● **Stored dataset items**

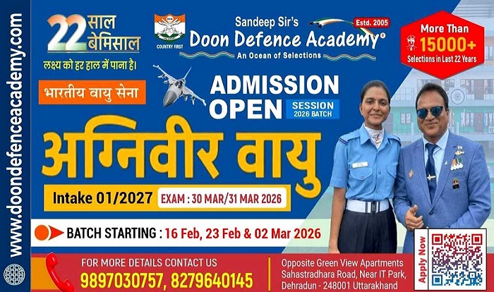 DDA में Agniveervayu (Intake 01/2027) जिसकी परीक्षा 30 Mar/ 31 Mar 2026 को होनी है, उसके लिए 16 Feb, 23 Feb & 02 Mar 2026 से DDA में Agniveervayu (Intake 01/2027) Regular Course शुरू हो रहा है। जो बच्चे DDA में Agniveervayu Batch की काॅचिंग करना चाहते है, वह Online Registration करा कर 16 Feb, 23 Feb & 02 Mar 2026 से Agniveervayu (Intake 01/2027) join कर लें।
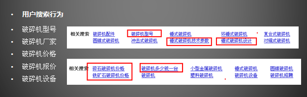 如图,通过百度相关搜索了解到,用户不仅会搜索破碎机,还会搜索破碎机型号,参数,价格等
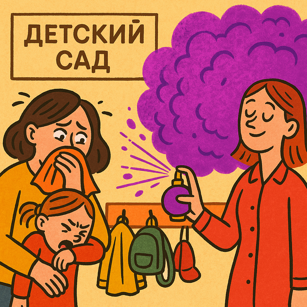 Недавно начали ходить в сад и столкнулись с весьма неожиданной проблемой. Наша воспитательница — любительница надухариться, от нее стоит такой шлейф духов, что дышать невозможно! Сладкий, удушающий запах. У меня у самой в носу засвербило, а моя дочка, как только зашла в раздевалку, тут же начала кашлять.
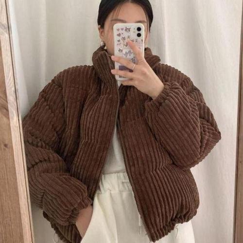 [셀러허브_여성트랜드패션]Rly 스트링 겨울 숏 코듀로이 웰론 하이넥 방한 패딩
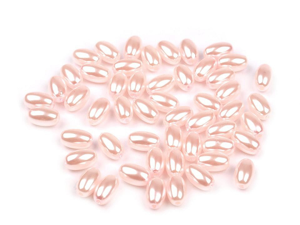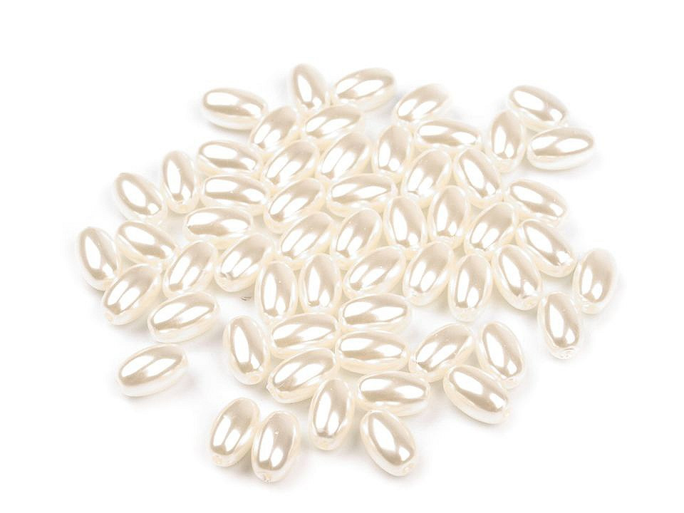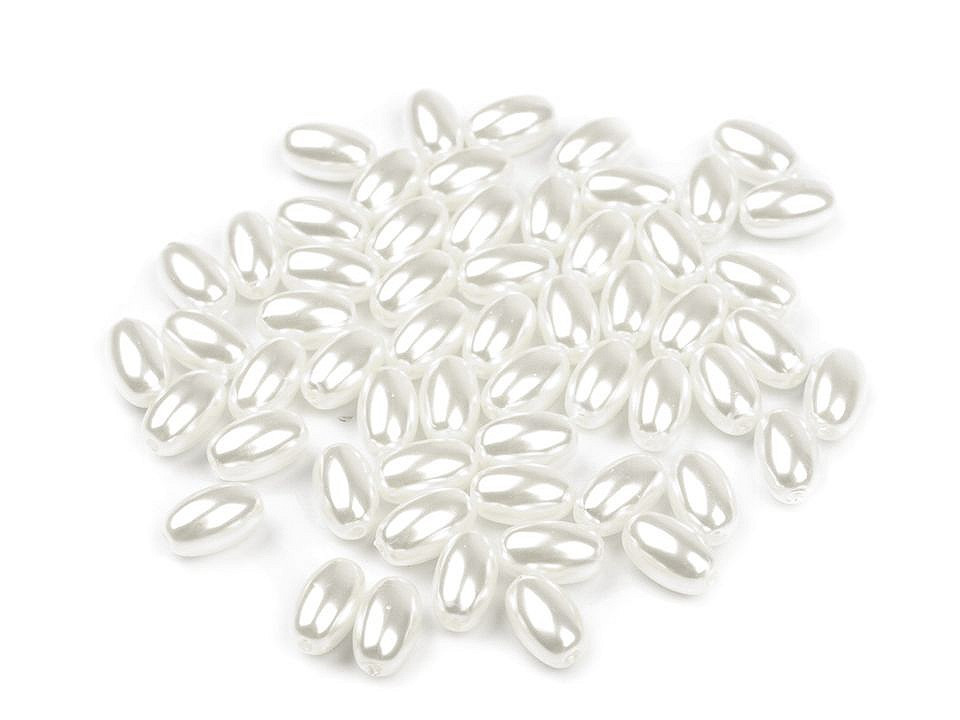 Nabízíme vám je v efektní plastové imitaci, ve tvaru olivy. Mají stejný lesk na jaký jste byli zvyklí jen u skleněných voskovaných perlí. Navíc je jejich výhodou nízká hmotnost, nemusíte se bát použít je do dlouhých náhrdelníků. Vašim šperkům dodají neopakovatelnou noblesu. Stačí je jednoduše navléct a doplnit kovovými komponenty či jinými druhy korálků dle vašeho vkusu a získáte jedinečný elegantní šperk. Inspirace k použití viz foto. Jako návlekový materiál jsou vhodná lanka.
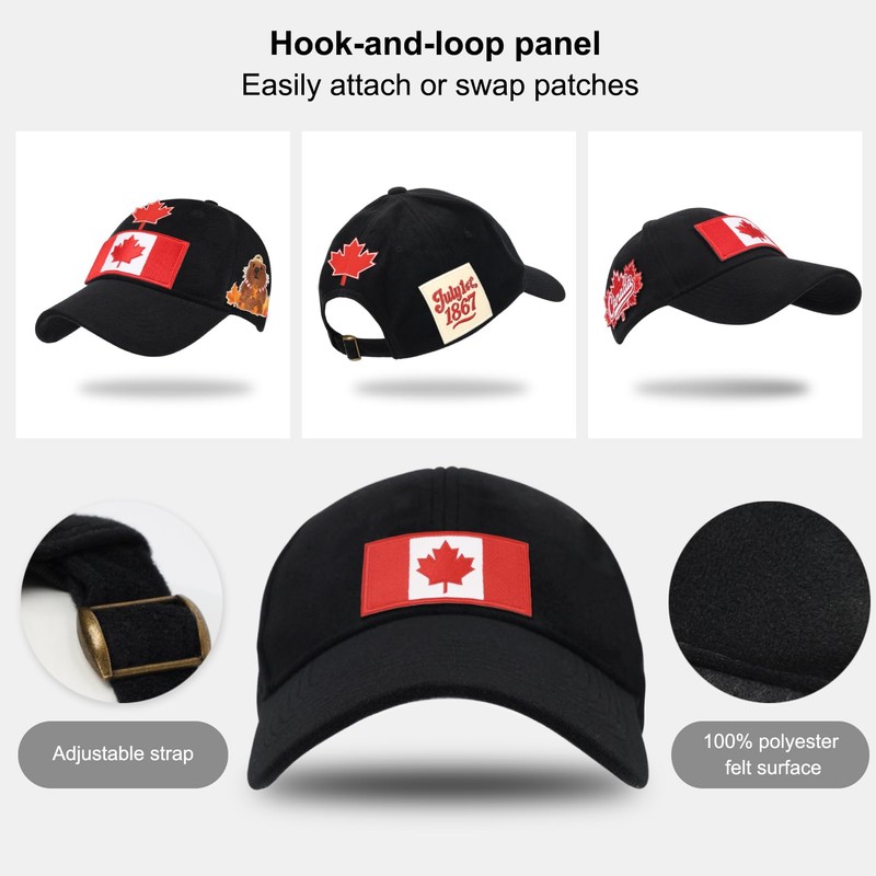 Canada Baseball Cap with Hook and Loop Patch, 5 Unique Embroidered Canada-Themed Patches – Perfect for Canada Day, Gift for Dad Hat, Husband Cap, Golf Cap, Men & Women Black
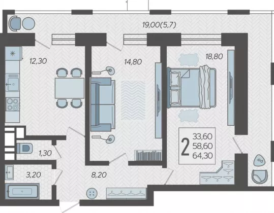 Продается 2-х комн. новостройка, 64.7 кв.м., 9/12 эт
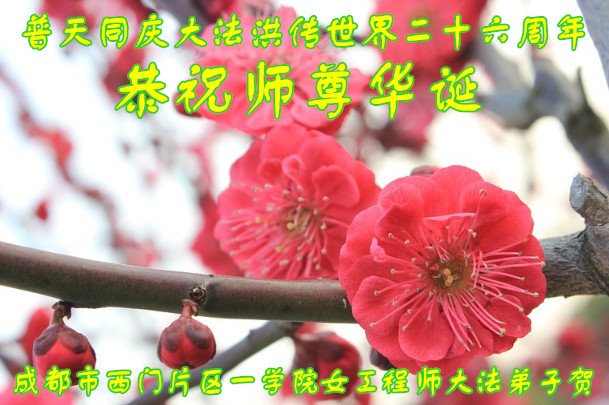 四川省成都一學院女工程師大法弟子恭祝師尊華誕!普天同慶大法洪傳世界二十六週年!
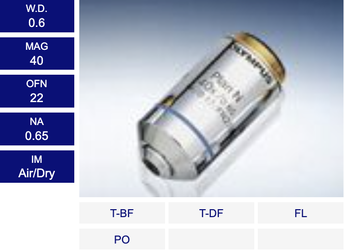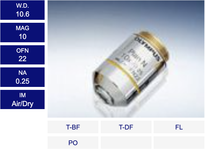 良好なフラットネスを実現した高品質対物レンズです。蛍光、透過明視野観察が可能です。暗視野に対応したタイプもあり、検査利用に適しています。
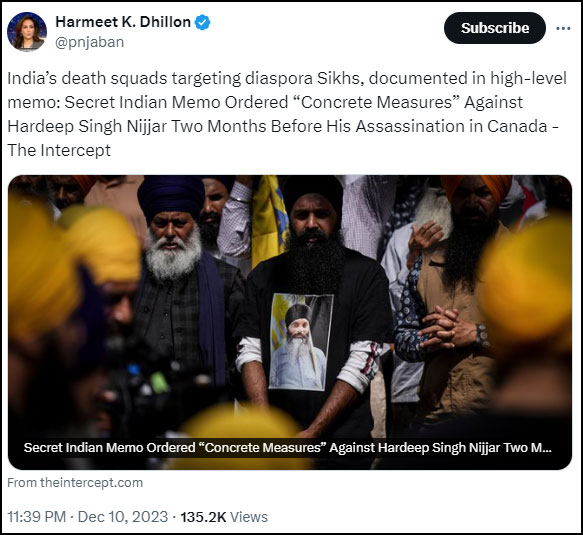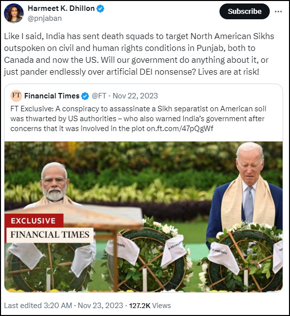 In November 2023, she again targeted the Indian government over baseless claims of “death squads” being sent to kill “North American Sikhs”.
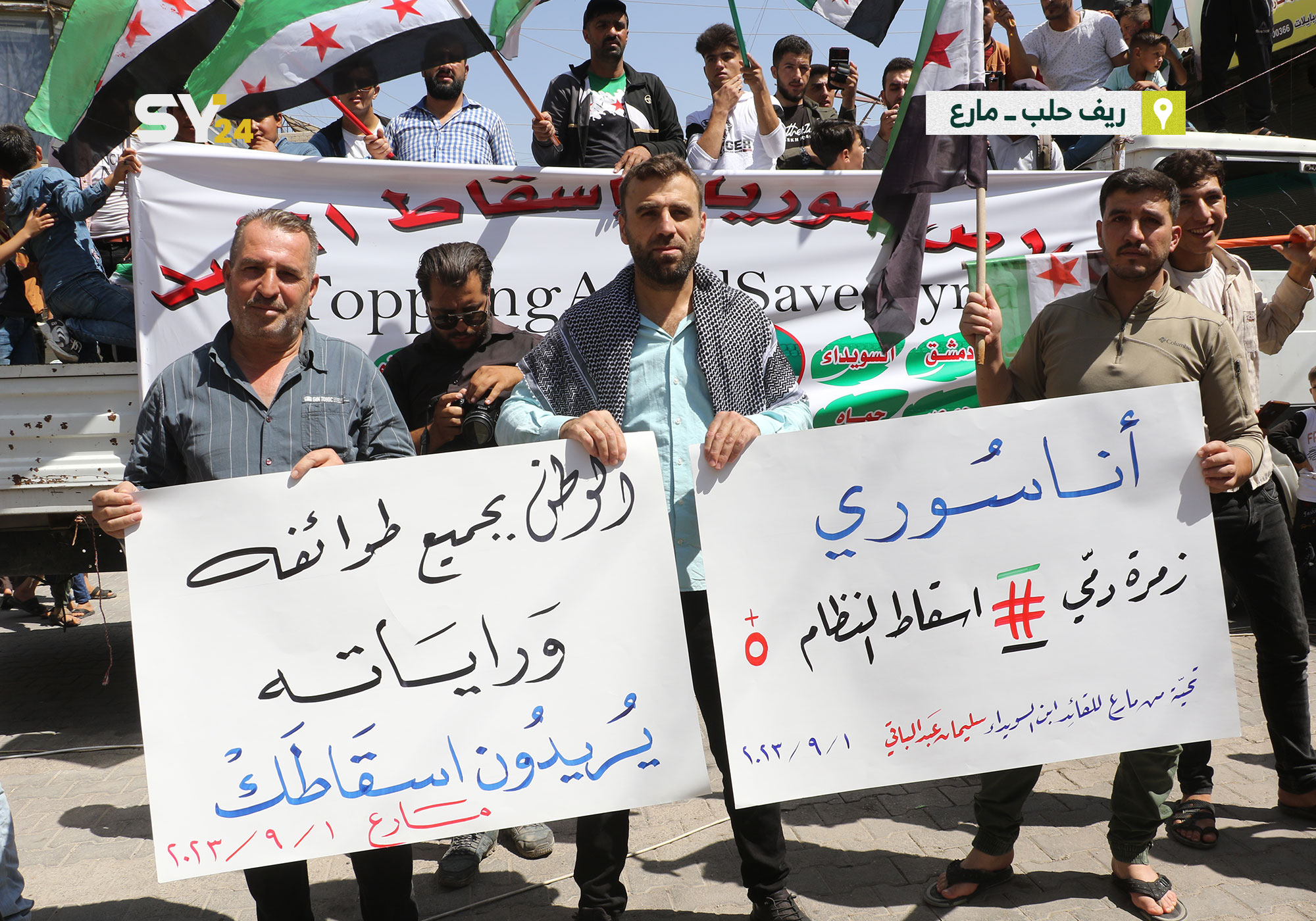 مظاهرات ضخمة في ريف حلب تضامنًا مع الاحتجاجات في السويداء
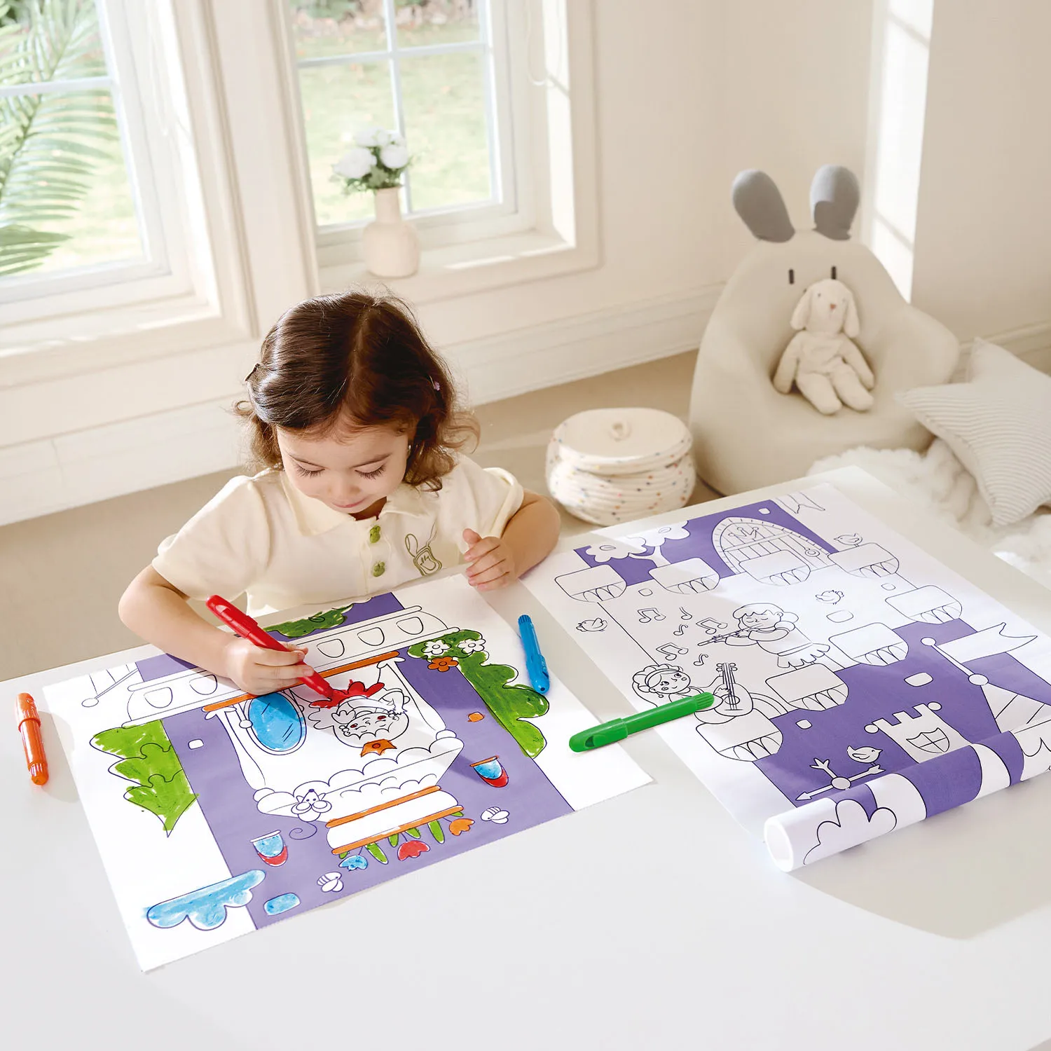 Набор представляет с собой большие листы бумаги с клеевым слоем (весь рулон более 5 метров в длину) и яркие карандаши — всё необходимое для погружения в сказочный мир с замками, принцессами, магией и драконами.
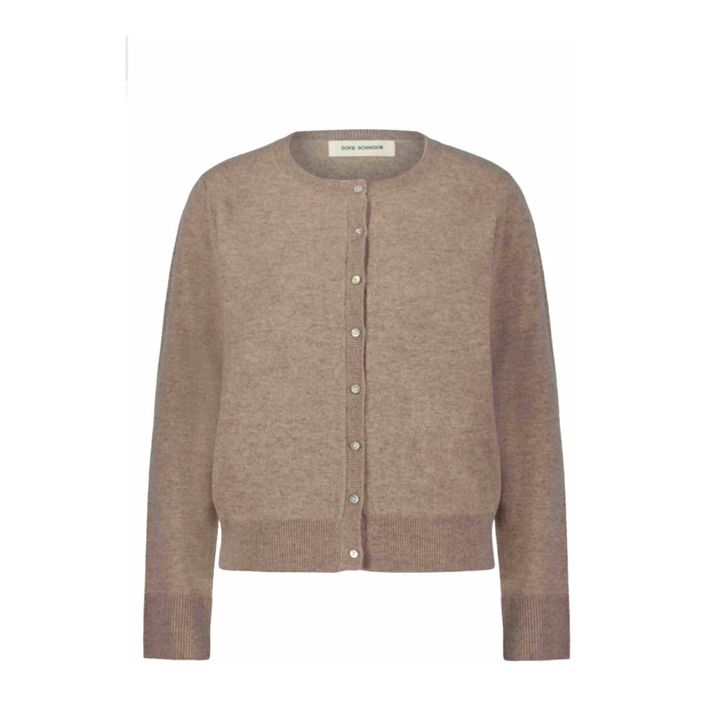 Sofie Schnoor, Stickade Tröjor , Dam, L, Brun Melange Kofta med Knappar
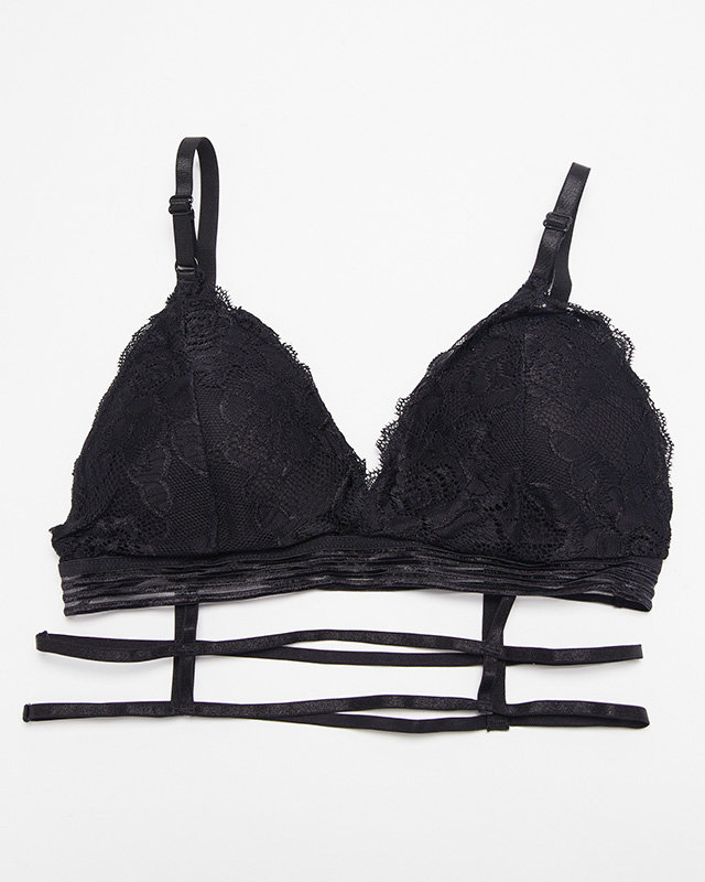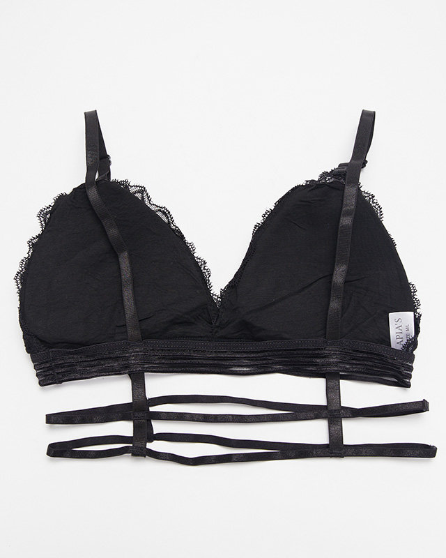 Čierna dámska podprsenka s čipkou a prúžkami - Spodná bielizeň

● **ACTION ITEM**
Give again the stretch of the entries above that begins at the line with "如图,通过百度相关搜索了解到" and ends at the line with "[셀러허브_여성트랜드패션]Rly 스트링 겨울 숏 코듀로이 웰론 하이넥 방한 패딩", word for word, with no pictures.

● **SOLUTION TO THIS EXERCISE**
 如图,通过百度相关搜索了解到,用户不仅会搜索破碎机,还会搜索破碎机型号,参数,价格等
 Недавно начали ходить в сад и столкнулись с весьма неожиданной проблемой. Наша воспитательница — любительница надухариться, от нее стоит такой шлейф духов, что дышать невозможно! Сладкий, удушающий запах. У меня у самой в носу засвербило, а моя дочка, как только зашла в раздевалку, тут же начала кашлять.
 [셀러허브_여성트랜드패션]Rly 스트링 겨울 숏 코듀로이 웰론 하이넥 방한 패딩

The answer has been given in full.